Similar to the official editorial, we focus on the repetition of the \(4 \times 2\) rectangle.

First, we add an appropriate value (such as \(10^9\)) to all coordinates, ensuring that \(0 \leq A, 0 \leq C\) without changing the area we want to calculate.

Under this condition, if we write the answer to the problem as \(f(A, B, C, D)\), it can be obtained as \(f(0, 0, C, D) - f(0, 0, C, B) - f(0, 0, A, D) + f(0, 0, A, B)\) (keyword: two-dimensional cumulative sum).

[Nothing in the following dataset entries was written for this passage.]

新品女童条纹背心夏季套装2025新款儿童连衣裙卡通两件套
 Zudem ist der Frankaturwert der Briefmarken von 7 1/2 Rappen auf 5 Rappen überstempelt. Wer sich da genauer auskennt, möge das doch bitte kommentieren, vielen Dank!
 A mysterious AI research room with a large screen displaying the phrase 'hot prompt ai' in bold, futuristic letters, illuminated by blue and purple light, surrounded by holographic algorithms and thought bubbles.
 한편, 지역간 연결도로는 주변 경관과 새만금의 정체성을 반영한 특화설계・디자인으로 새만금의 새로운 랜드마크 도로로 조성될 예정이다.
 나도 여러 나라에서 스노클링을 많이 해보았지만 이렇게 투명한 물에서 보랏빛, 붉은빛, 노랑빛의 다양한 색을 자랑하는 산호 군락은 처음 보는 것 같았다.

Next, we need to find \(f(0, 0, A, B)\). By dividing the area with the lines \(x = 4 \cdot \lfloor \frac{A}{4} \rfloor\) and \(y = 2 \cdot \lfloor \frac{B}{2} \rfloor\), we can calculate it as a repetition of the same rectangle pattern. It is useful to manually construct the two-dimensional cumulative sum of the \(4 \times 2\) rectangle pattern.

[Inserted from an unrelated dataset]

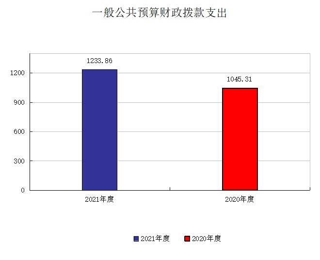 2021年一般公共预算财政拨款支出1233.86万元,占本年支出合计的97.49%。与2020年相比,一般公共预算财政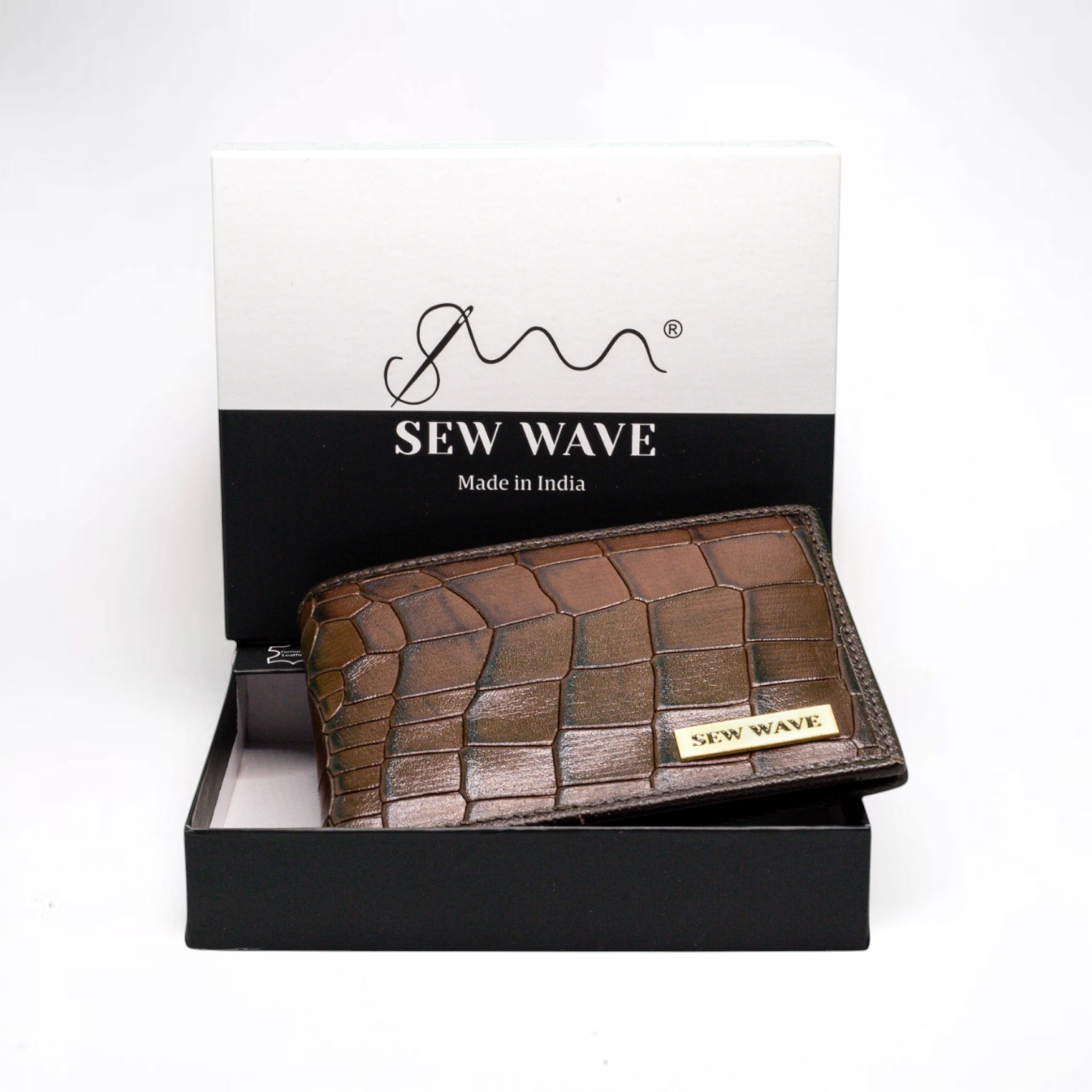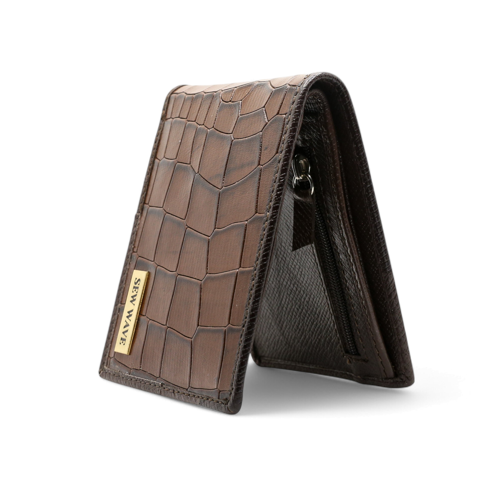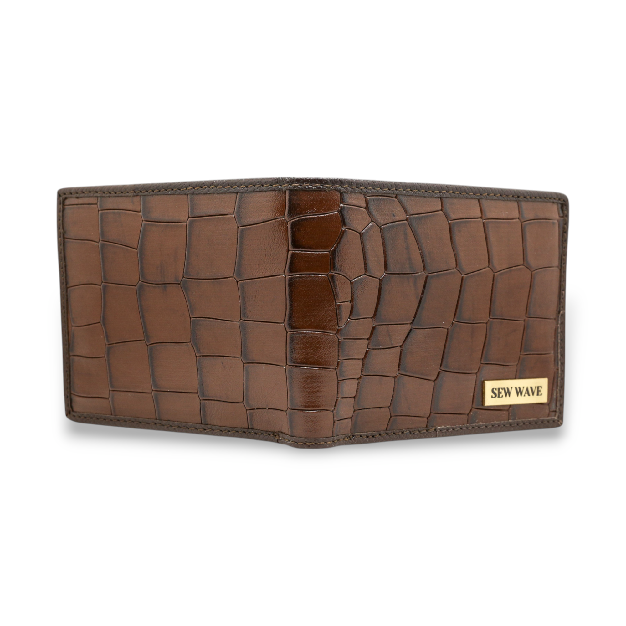 -Elevate your everyday style with this sophisticated men’s wallet. Crafted from premium leather, this wallet showcases an exquisite deep-cut crocodile pattern in a rich tan colour that exudes luxury and refinement. The burnished finish adds character and depth to the leather, making each piece uniquely distinctive. The meticulously detailed construction features precise stitching and a sleek gold-tone brand emblem that adds a touch of understated elegance. This wallet combines classic design with practical functionality, offering ample space for your essential cards and currency while maintaining a slim profile that fits comfortably in your pocket. The superior leather construction ensures durability for daily use, while the timeless aesthetic makes it a versatile accessory suitable for both formal and casual occasions. The warm tan shade complements any outfit, making this wallet an essential accessory for the modern gentleman who values both style and substance.

Sample Implementation: (Python)

def f(y, x):
    a = [[0, 0, 0, 0, 0], [0, 2, 3, 3, 4], [0, 3, 6, 7, 8]]
    sub1 = (y // 2) * (x // 4) * a[2][4]
    sub2 = (y // 2) * a[2][x % 4]
    sub3 = (x // 4) * a[y % 2][4]
    sub4 = a[y % 2][x % 4]
    return sub1 + sub2 + sub3 + sub4


M = 10**9
A, B, C, D = map(lambda x: int(x) + M, input().split())
print(f(D, C) - f(D, A) - f(B, C) + f(B, A))